Selon le schéma prévu, la banque va émettre pour 3,9 milliards d'euros
d'obligations qui seront souscrites par le Trésor italien.
L'établissement versera un coupon élevé, de 9%. Si BMPS ne parvenait pas
à rembourser Rome, le scénario noir de la nationalisation se
profilerait. Alessandro Profumo, le président de l'établissement, se
défend d'une telle issue: l'intention du groupe est «de rembourser»,
a-t-il assuré. Le président du Conseil italien, Mario Monti, a déclaré de son côté que la nationalisation était, selon lui, «une hypothèse lointaine».
«Il n'y a pas d'autres placards à ouvrir»:
Mais
le chemin du redressement s'annonce ardu en raison du passif de
l'établissement, qui a multiplié les erreurs depuis 2007. La banque
devrait ainsi clore ses comptes 2012 sur un trou supérieur à 2 milliards
d'euros. Le résultat final dépendra de l'ampleur des fameuses pertes de
trading. La direction évoque pour l'instant le chiffre de 720 millions
d'euros. Sans donner plus de détails.

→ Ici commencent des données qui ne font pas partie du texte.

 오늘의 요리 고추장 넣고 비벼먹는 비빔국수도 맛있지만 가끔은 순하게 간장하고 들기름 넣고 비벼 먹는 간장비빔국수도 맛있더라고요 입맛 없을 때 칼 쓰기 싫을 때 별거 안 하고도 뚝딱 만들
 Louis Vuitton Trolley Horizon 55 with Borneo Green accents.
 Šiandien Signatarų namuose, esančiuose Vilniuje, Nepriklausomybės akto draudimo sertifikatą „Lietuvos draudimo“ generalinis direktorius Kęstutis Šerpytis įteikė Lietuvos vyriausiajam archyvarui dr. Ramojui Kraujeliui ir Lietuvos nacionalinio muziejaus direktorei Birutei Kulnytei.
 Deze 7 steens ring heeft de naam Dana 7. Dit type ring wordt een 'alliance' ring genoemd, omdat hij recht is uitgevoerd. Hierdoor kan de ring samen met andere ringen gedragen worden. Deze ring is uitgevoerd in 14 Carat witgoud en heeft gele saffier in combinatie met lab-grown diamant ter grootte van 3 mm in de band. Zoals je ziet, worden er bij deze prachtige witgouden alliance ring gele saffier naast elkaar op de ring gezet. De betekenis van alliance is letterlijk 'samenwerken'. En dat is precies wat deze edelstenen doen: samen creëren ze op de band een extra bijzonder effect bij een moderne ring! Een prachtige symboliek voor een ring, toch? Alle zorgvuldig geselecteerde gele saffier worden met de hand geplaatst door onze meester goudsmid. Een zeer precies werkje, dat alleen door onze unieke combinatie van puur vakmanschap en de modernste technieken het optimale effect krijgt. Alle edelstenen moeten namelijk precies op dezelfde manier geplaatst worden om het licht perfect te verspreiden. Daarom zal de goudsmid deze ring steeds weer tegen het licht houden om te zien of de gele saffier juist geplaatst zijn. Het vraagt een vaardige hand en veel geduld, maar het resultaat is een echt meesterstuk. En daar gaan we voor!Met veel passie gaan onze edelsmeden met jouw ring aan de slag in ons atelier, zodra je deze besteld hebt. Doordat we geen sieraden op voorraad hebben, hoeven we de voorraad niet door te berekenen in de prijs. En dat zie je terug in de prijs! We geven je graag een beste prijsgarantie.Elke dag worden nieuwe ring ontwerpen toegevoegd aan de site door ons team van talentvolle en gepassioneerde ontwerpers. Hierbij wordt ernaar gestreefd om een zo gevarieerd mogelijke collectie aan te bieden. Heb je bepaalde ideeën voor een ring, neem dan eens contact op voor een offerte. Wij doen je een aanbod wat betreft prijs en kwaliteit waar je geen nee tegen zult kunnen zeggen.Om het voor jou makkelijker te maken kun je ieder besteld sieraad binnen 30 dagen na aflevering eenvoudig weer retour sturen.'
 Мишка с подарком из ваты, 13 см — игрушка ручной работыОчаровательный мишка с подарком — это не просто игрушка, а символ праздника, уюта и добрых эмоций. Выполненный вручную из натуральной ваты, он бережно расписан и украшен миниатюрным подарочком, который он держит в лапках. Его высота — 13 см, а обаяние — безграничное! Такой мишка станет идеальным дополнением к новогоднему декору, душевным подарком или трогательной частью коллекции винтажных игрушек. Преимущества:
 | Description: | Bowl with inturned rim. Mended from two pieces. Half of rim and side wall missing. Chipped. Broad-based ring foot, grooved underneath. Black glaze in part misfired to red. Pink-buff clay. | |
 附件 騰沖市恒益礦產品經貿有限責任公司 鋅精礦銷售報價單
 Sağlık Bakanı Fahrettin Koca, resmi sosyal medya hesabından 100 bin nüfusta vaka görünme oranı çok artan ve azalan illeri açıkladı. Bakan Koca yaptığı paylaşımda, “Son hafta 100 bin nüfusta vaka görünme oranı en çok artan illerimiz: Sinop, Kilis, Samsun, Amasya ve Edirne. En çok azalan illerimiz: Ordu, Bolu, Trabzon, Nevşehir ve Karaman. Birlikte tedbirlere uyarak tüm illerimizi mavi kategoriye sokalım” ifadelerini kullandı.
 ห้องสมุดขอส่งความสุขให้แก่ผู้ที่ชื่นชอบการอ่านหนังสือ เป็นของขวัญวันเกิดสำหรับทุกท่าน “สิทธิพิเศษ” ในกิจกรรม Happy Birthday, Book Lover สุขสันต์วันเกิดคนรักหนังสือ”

Le directeur général, Fabrizio
Viola, s'est toutefois voulu rassurant en déclarant que, à leur
«connaissance, il n'y a pas d'autres placards à ouvrir». Il faut
l'espérer pour la survie de BMPS: la valorisation en Bourse de la
troisième banque italienne est passée sous la barre des 3 milliards
d'euros, après une chute de plus de 20% de son titre la semaine
dernière.
Les opérations de trading incriminées remontent à 2008
et 2009. Afin de mitiger des pertes réalisées l'année précédente, la
direction de BMPS s'était lancée dans des opérations de dérivés
complexes, avec Nomura et Deutsche Bank.
La direction de
l'établissement de l'époque apparaît, bien sûr, en première ligne. Le
président jusqu'à 2011, Giuseppe Mussari, s'est pour l'instant mollement
défendu, assurant qu'il «n'avait rien fait de mal». Après l'acquisition
dramatique en 2007 de la banque régionale Antonveneta, à un prix deux
fois supérieur aux valorisations de l'époque, les dirigeants ont tâtonné
pour tenter de redresser la barre. En 2008, une augmentation de capital
de 5 milliards d'euros permet ainsi de financer l'opération et
d'investir massivement dans des titres souverains italiens, havre de
sécurité à l'époque. Les opérations de dérivés datent aussi de cette
époque-là, tout comme le premier sauvetage public, validé par l'actuel
président de la BCE, Mario Draghi, alors gouverneur de la Banque
d'Italie
La gauche ébranlée:
Dans un climat électoral
électrique, la découverte soudaine de ces nouveaux contrats vient ravir
les adversaires du président du Conseil sortant, Mario Monti, réputé
proche des milieux de la finance. «Monti a donné à Monte Paschi
4 milliards d'euros et il doit expliquer pourquoi (…). Il ne peut pas
nier sa responsabilité dans ce désastre, responsabilité qu'il porte lui
et lui seul», a ainsi déclaré le dirigeant de la Ligue du Nord, Roberto
Maroni, un allié de Berlusconi. La coalition de gauche, avec laquelle
Monti devait chercher une alliance après le scrutin, est ébranlée par le
scandale. Le parti pilier de cette coalition, contrôle en effet depuis
des années la fondation actionnaire de BMPS, via la municipalité de
Sienne.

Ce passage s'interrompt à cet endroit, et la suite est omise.